После похорон к извозчичьим санкам, в которых сидела Антонина, подошел уже пьяненький Савелий Егорович и отдал ей оставшиеся после всех расходов деньги.

- Ничего, Тоня, не горюй, - сказал он, - все устроится. Я к тебе татарина приведу - знаешь халат; придется кое-что продать. Вот. Ну, поезжай. Там все прибрано, я распорядился, и дворничиха придет к тебе ночевать…

Антонина смотрела на багрового от водки и от мороза Савелия Егоровича и ничего не понимала. Все крутилось перед ней: кладбищенские ворота, синяя спина извозчика, снег, фонари.

Наконец санки тронулись.

Только возле самого дома она заметила, что рядом с ней сидел тот светлоглазый моряк. Видимо, он очень продрог в своем тонком бушлате, потому что весь съежился и совсем не двигался.

- Замерзли? - спросила Антонина, чтобы хоть что-нибудь сказать.

- Есть маленько! - сипло ответил он. - Но бывает хуже.

- Вы что, в нашем доме живете?

- Да. Временно отдал якорь. Дружочек один ситный у меня тут корни пустил. - И осведомился: - Разрешите у вас маленько обогреться?

- Пожалуйста! - вяло пригласила Антонина.

Квартира была чисто прибрана, топилась печь, но легкий и печальный запах еловых ветвей еще плавал в воздухе, и Антонине сразу вспомнился Никодим Петрович, такой, каким он лежал на столе, - торжественный, в твердом, очень высоком воротничке, в застегнутом кителе и с руками, покорно и вежливо сложенными на груди.

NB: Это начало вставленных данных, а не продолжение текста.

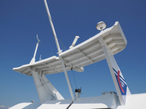 SSTHは Super Slender Twin Hull(超細長双胴船) の略称。1980年代後半から90年代にかけて、IHIと東京大学(宮田秀明教授ら)が共同で開発した革新的な高速船です。超細長の船体2つからなるアルミ合金製の船体(ハル)をデッキで繋いだ形状。大型化も容易。IHIに入社した当時に開発中で、そのカッコよさに一目ぼれ。オーシャンアローは現役SSTHとして頑張っているのです!

Она опустилась на диванчик не раздевшись - в шубе и платке. Красивая дворничиха Татьяна лениво разбивала кочергой головни в печке. Моряк снял бушлат, пригладил маленькими руками рыжеватые волосы, закурил и сел верхом на стуле недалеко от печки…

Когда Антонина уснула, моряк и дворничиха вышли в кухню.

- Сообрази, - попросил он, не глядя на дворничиху, - озяб я…

Пока она ходила, он сидел, не двигаясь с места, обхватив голову ладонями и глядя в одну точку прищуренными светлыми глазами. При виде водки он оживился, заметно повеселел и налил себе и дворничихе по полстакана, но выпил, не дожидаясь ее, и, стукнув стаканом по столу, сказал:

- За нее.

- За кого? - недружелюбно спросила дворничиха.

- За девочку, - пояснил моряк и кивнул головой на закрытую дверь комнаты, - за нее.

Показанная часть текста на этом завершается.